A standard in child and adolescent psychology and psychiatry, we utilized a multi-informant approach—youth and caregiver reports—to capture unique perspectives on youth psychological adjustment.22 Youth are likely to report more accurately on their internalizing states (i.e., depression and anxiety) while caregivers are considered more reliable reporters of youth externalizing behaviors.23 In contrast, caregivers are considered more reliable reporters of youth’s externalizing behaviors.23 PHACS psychologists administered the Behavior Assessment System for Children-Second Edition (BASC-2) every two years through independent interviews with youth and caregivers at the same visit.24 A standardized, validated and reliable multidimensional questionnaire, the BASC-2 contains two summary measures of interest. The Emotional Symptoms Index (ESI), a youth-reported summary measure, reflects emotional functioning by measuring social stress, anxiety, depression, sense of inadequacy, self-esteem, and self-reliance domains. The Behavioral Symptoms Index (BSI), a caregiver-reported summary measure, reflects caregiver perceptions of the youth’s behavior, including hyperactivity, aggression, depression, attention problems, atypicality, and withdrawal. Higher ESI and BSI scores indicate poorer emotional-behavioral functioning. T-score classifications are: <60 “Average Range,” 60–69 “At-Risk,” and >69 “Clinically Significant.”24 ESI or BSI assessments >85 were excluded as outliers.

Race/Ethnicity

Although race-based discrimination is not currently assessed, self-reported race was used as a proxy, allowing this analysis to inform future PHACS analyses on race-based discrimination. Caregivers reported their child’s race as Black/African American, White, Asian, American Indian, Multiracial, or Unknown. The following racial groups were excluded due to small subsets: American Indian (0.4%), Asian (0.9%), Multiracial (1.9%), and Unknown/not reported (4.3%). Caregivers also reported their child’s ethnicity (Hispanic/non-Hispanic). Four racial/ethnic subgroups were evaluated: White non-Hispanic, White Hispanic, Black non-Hispanic, and Black Hispanic.
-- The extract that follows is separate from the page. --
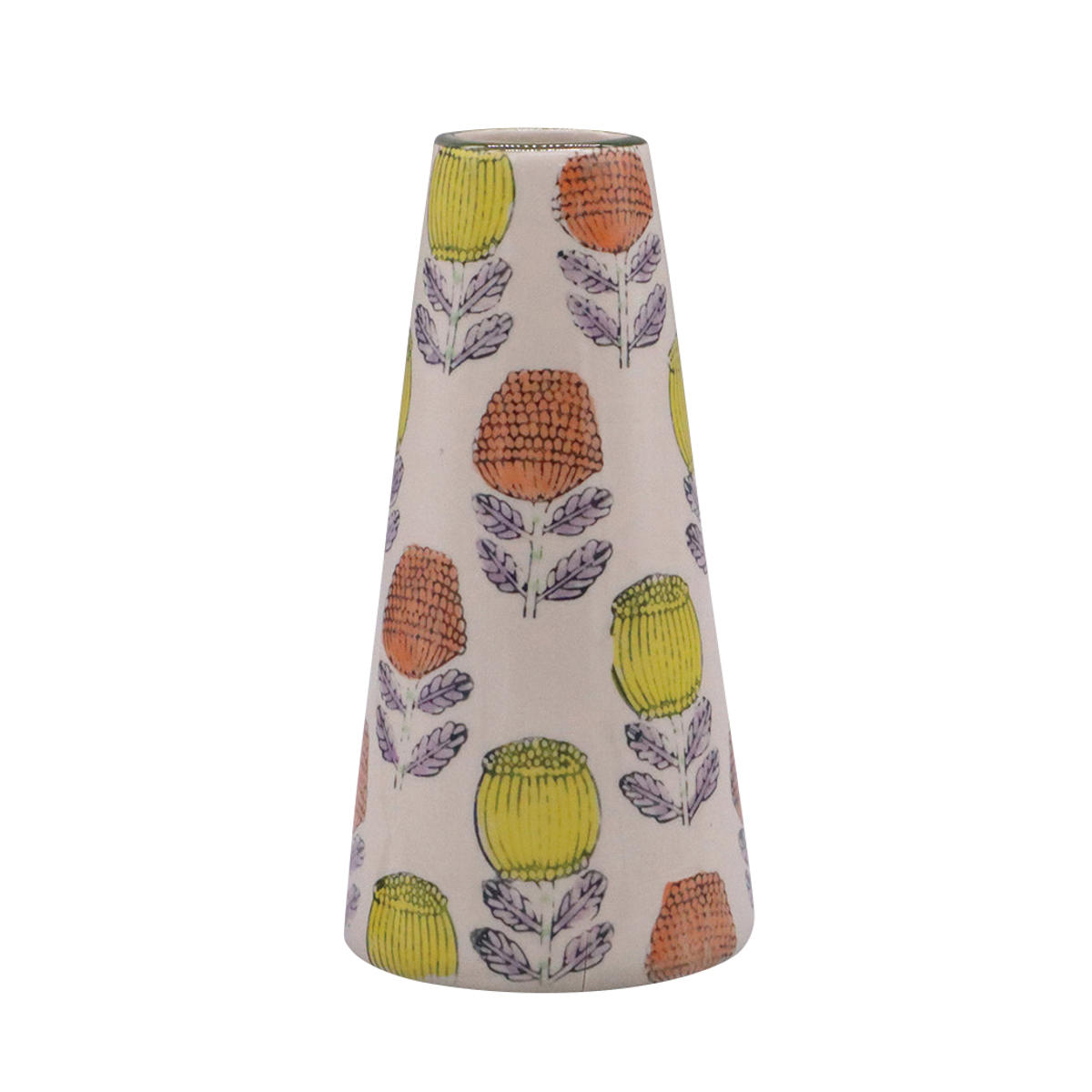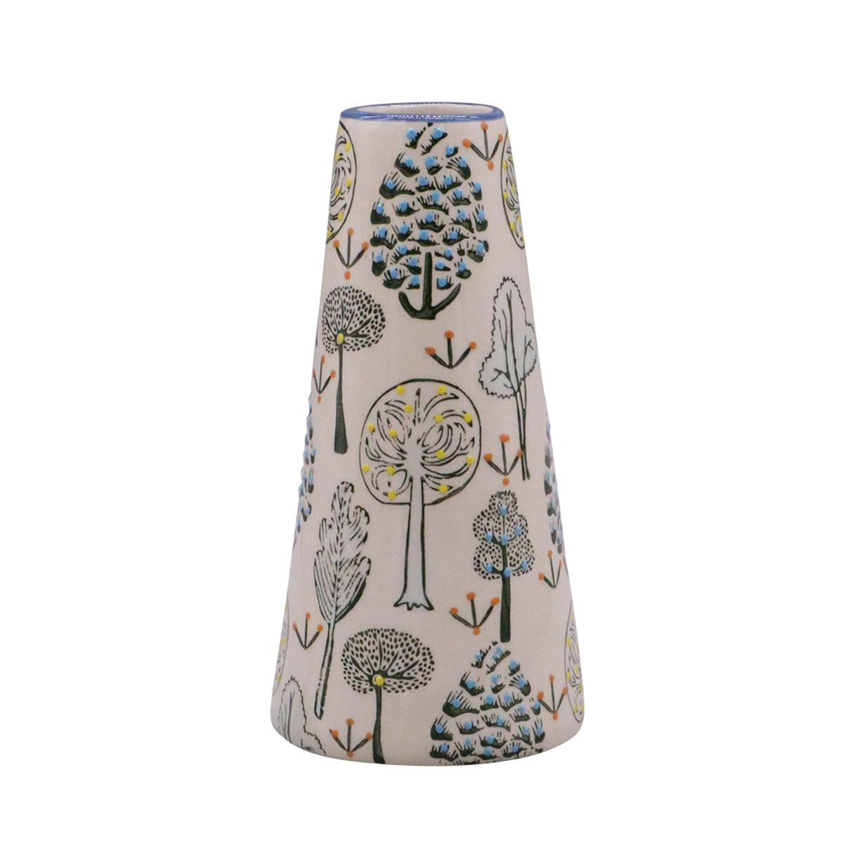 全体に散りばめられた植物の柄と鮮やかな色使いが可愛いフラワーベースです。一輪ざしにもちょうどいいサイズ感です。個性的で遊び心のある空間を演出できます。
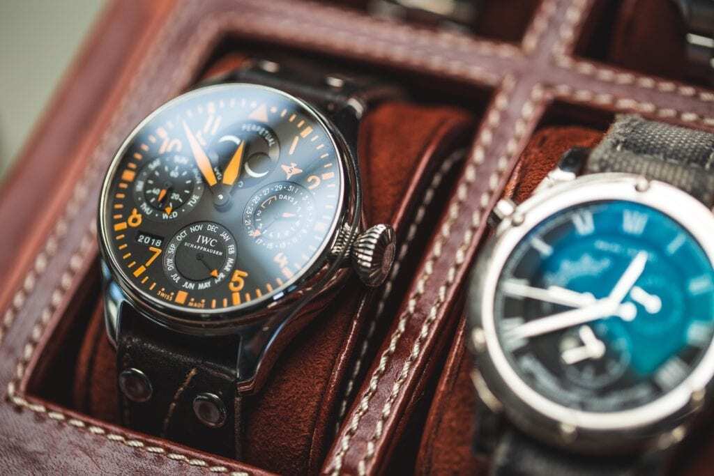 His collection doesn’t end there. In the box are various Seiko’s and Rolex, as well as an IWC Perpetual Calendar. He is intrigued by the “crazy math machine” inside that watch that will track days, weeks, and years long after we are gone. This is why he doesn’t care for smartwatches, quartz, or things of that nature. To him, they are fleeting, and the machines inside don’t compare to the powerful mechanical pieces.

Covariates and Potential Confounders

Demographic data were obtained through independently administered youth and caregiver interviews. Youth information included age at each study visit, biological sex, socioeconomic status (household income, caregiver education, and household density reported at study entry), and family structure (whether the biological mother was born in the US, whether the caregiver is the youth’s biological mother, change in primary caregiver during study follow-up, caregiver’s marital status, and geographic region of the enrollment site). Number of stressful life events experienced by the youth as measured by the Quality of Life Assessment25 at baseline also was included (i.e., caregiver lost job, death of a family member, caregiver went to jail). Caregiver information included HIV status and positive screen from the initial Client Diagnostic Questionnaire (CDQ) for any psychiatric disorder including: depression, panic attacks, Generalized Anxiety Disorder (GAD), alcohol abuse, substance abuse, trauma, or any psychiatric condition, obtained from the earliest assessment.26,27 Of the 600 caregivers in the sample, 219 (37%) were biological mothers. These SDOH were considered as potential confounders. Less than 5% of youth were missing SDOH information except for family structure variables (≤16%) and caregiver health variables (≤14%, not evaluated); missing indicators were used for these measures.

Statistical Methods

To summarize emotional-behavioral functioning, two longitudinal approaches were implemented: a traditional mixed effects model, and a novel group-based trajectory model (GBTM). These two complimentary approaches allow a robust investigation of potential race-based disparities in emotional-behavioral functioning over time.

Mixed Effects Models

We fit mixed effects models to evaluate whether mean ESI and BSI T-scores differed across the 4 racial/ethnic groups as youth transitioned through adolescence. To allow a potential non-linear relationship of T-scores with age, we included squared terms for age. We also evaluated possible effect modification of racial/ethnic associations by HIV status using stratified analyses. Models included a random effect for each youth to account for correlation in repeated assessments. An exponential spatial correlation structure with a nugget effect,2830 was utilized.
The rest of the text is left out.